BEGIN SUPPLIED MATERIAL

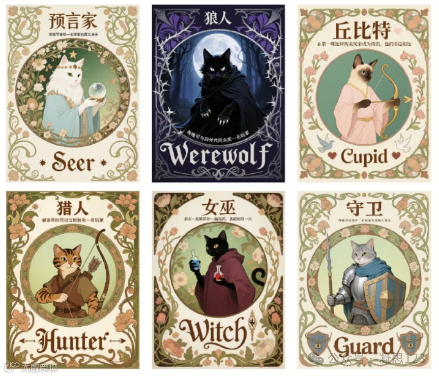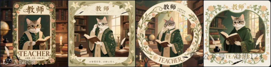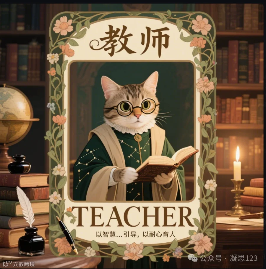 穆夏风格「教师」角色卡牌 AI绘画提示词:主题: 新艺术运动风格(阿尔丰斯·穆夏)的「教师」角色插画,优雅、知性,带有教育者的庄重与温暖。画面构图与风格整体风格:阿尔丰斯·穆夏(Alphonse Mucha)的装饰性新艺术风格,强调流畅的曲线、花卉藤蔓装饰、圆形构图和柔和的色彩。色调:暖色系为主,米白、浅棕、深绿、淡金,低饱和度,营造古典优雅的氛围。构图:中心对称,教师形象位于画面中央,背景环绕书籍、墨水瓶、羽毛笔等教育元素,搭配新艺术风格的藤蔓与花卉装饰边框。核心元素描述1. 主体角色(教师猫)形象:一只戴着圆框眼镜的猫,身穿19世纪欧洲学者长袍(深绿/米色),手持一本摊开的古籍,表情温和而睿智。姿态:站姿端庄,微微低头凝视书本,另一只手扶眼镜,体现思考与教导的神态。细节:长袍上有精细的刺绣花纹(书本、星座等知识符号)。眼镜镜片反光,呈现微妙的智慧感。2. 背景与装饰元素背景:古典图书馆的一角,隐约可见书架、地球仪、烛台,柔光透过彩窗洒落。装饰边框:环绕角色的是新艺术风格的藤蔓、百合花、月桂叶,线条流畅优雅。左右对称的装饰性曲线,类似穆夏的经典海报边框。文字元素:顶部:艺术字中文「教师」,字体柔美曲线,类似手写体,镶嵌在藤蔓花纹中。底部:装饰性英文“TEACHER”,字母融入花卉与墨水笔的装饰线条。侧边小字(可选):“以智慧引导,以耐心育人”,字体纤细古典。3. 色彩与光影主色调:深绿(学者袍)、米白(书本与背景)、淡金(装饰性高光)。避免高对比色,整体柔和雅致。光影:柔和的侧光,模拟烛光或黄昏光线,营造温暖氛围。角色面部和书本部分轻微提亮,突出焦点。
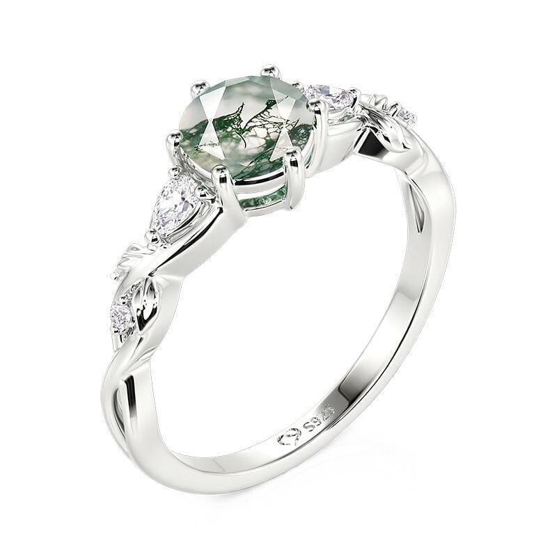 Jeulia Anillo con Ágata Musgo Vid Hoja Retorcido Corte Redondo
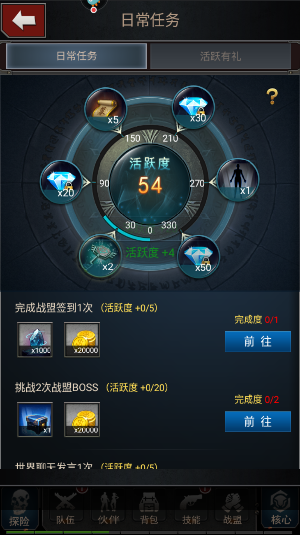 日常任务。按照系统提示去把跃度做满,当活跃度到90时能够得到20个钻石,当活跃度到210时能够得到30个钻石,当活跃度到330时能够得到50个钻石,也就是说只要你随便做这些任务,一天就能免费领到100个钻石!
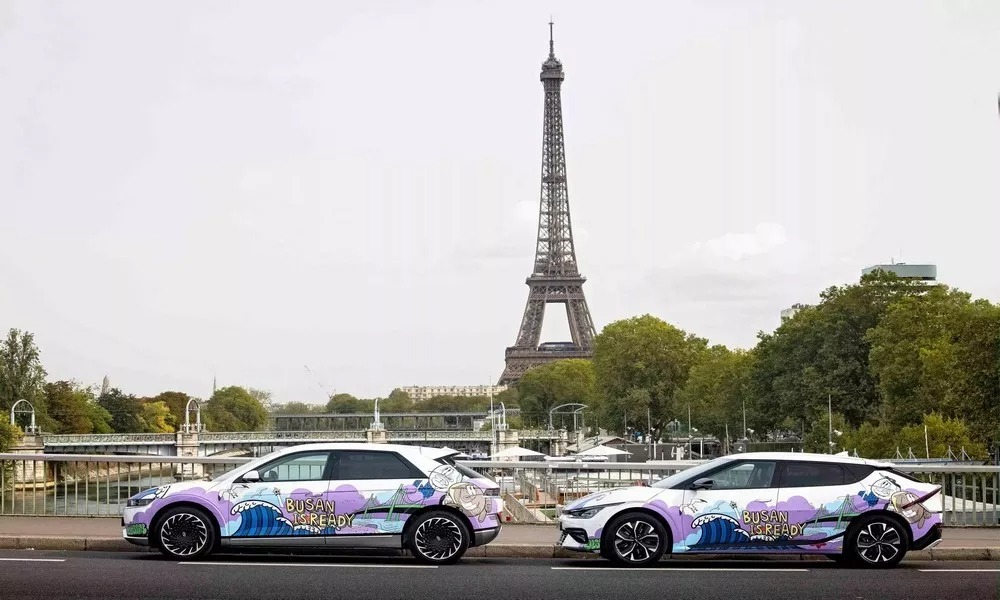 Στο Παρίσι, τα αυτοκίνητα τέχνης θα εκτίθενται κοντά σε ιστορικά ορόσημα, όπως ο Πύργος του Άιφελ και το Μουσείο του Λούβρου. Κάθε ένα από αυτά είναι τυλιγμένο σε ένα πολύχρωμο σχέδιο γκράφιτι με διάσημες εικόνες από τη Busan, όπως κύματα του ωκεανού, τη γέφυρα Gwangan, γλάρους και ένα σύνθημα που γράφει “Το Busan είναι έτοιμο”. Κάθε ένα από τα καλλιτεχνικά αυτοκίνητα δημιουργήθηκε σε συνεργασία με τον Κορεάτη καλλιτέχνη γκράφιτι Jay Flow.
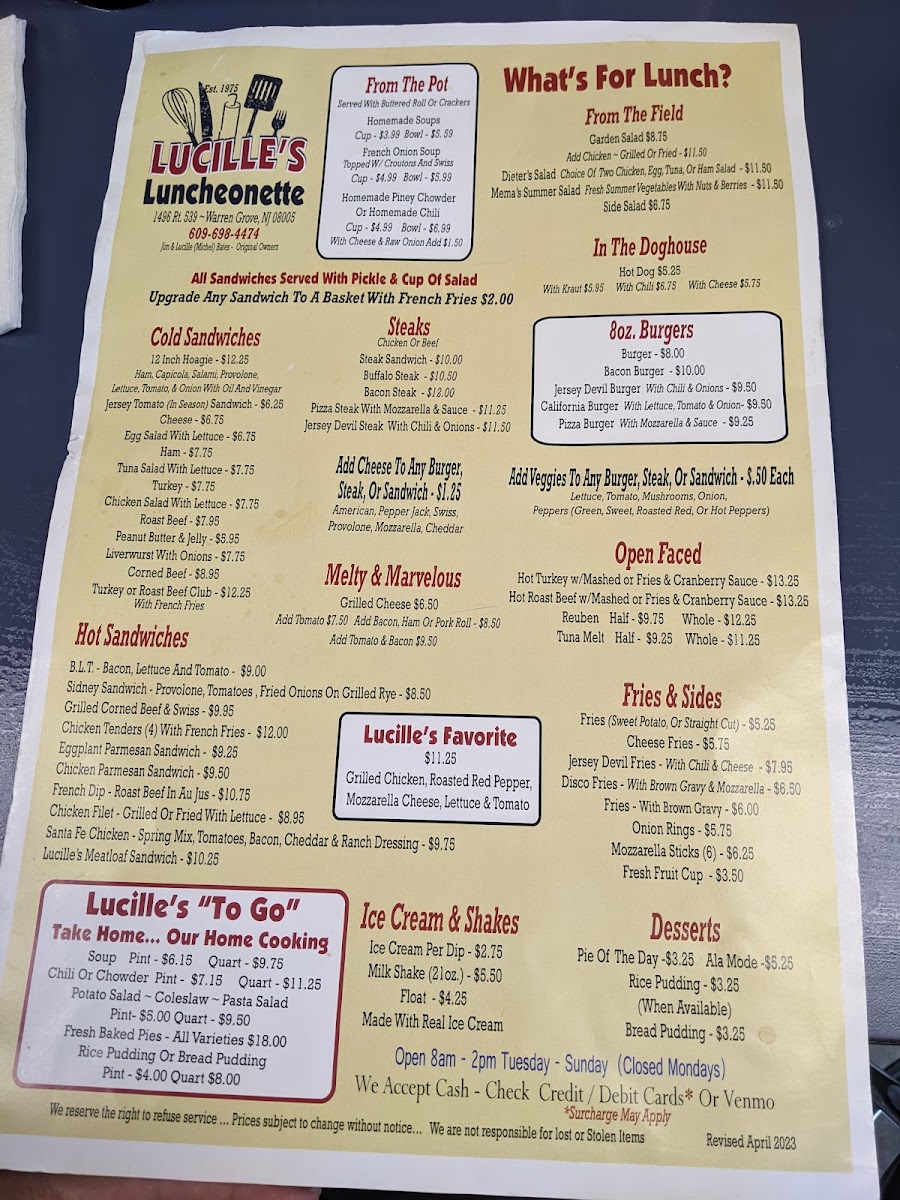 Lucille's Country Cooking offers a menu rooted in classic breakfast and comfort food, perfect for starting the day or enjoying a cozy lunch. The style is straightforward and unpretentious, with dishes that feel familiar and satisfying in a welcoming, small-town setting.

END SUPPLIED MATERIAL

_ASSIGNED TASK_
Only lines from the one holding "Στο Παρίσι, τα" through the last line of the entries above are wanted, both ends included, each retyped exactly; no pictures.

_RESPONSE BOX_
 Στο Παρίσι, τα αυτοκίνητα τέχνης θα εκτίθενται κοντά σε ιστορικά ορόσημα, όπως ο Πύργος του Άιφελ και το Μουσείο του Λούβρου. Κάθε ένα από αυτά είναι τυλιγμένο σε ένα πολύχρωμο σχέδιο γκράφιτι με διάσημες εικόνες από τη Busan, όπως κύματα του ωκεανού, τη γέφυρα Gwangan, γλάρους και ένα σύνθημα που γράφει “Το Busan είναι έτοιμο”. Κάθε ένα από τα καλλιτεχνικά αυτοκίνητα δημιουργήθηκε σε συνεργασία με τον Κορεάτη καλλιτέχνη γκράφιτι Jay Flow.
 Lucille's Country Cooking offers a menu rooted in classic breakfast and comfort food, perfect for starting the day or enjoying a cozy lunch. The style is straightforward and unpretentious, with dishes that feel familiar and satisfying in a welcoming, small-town setting.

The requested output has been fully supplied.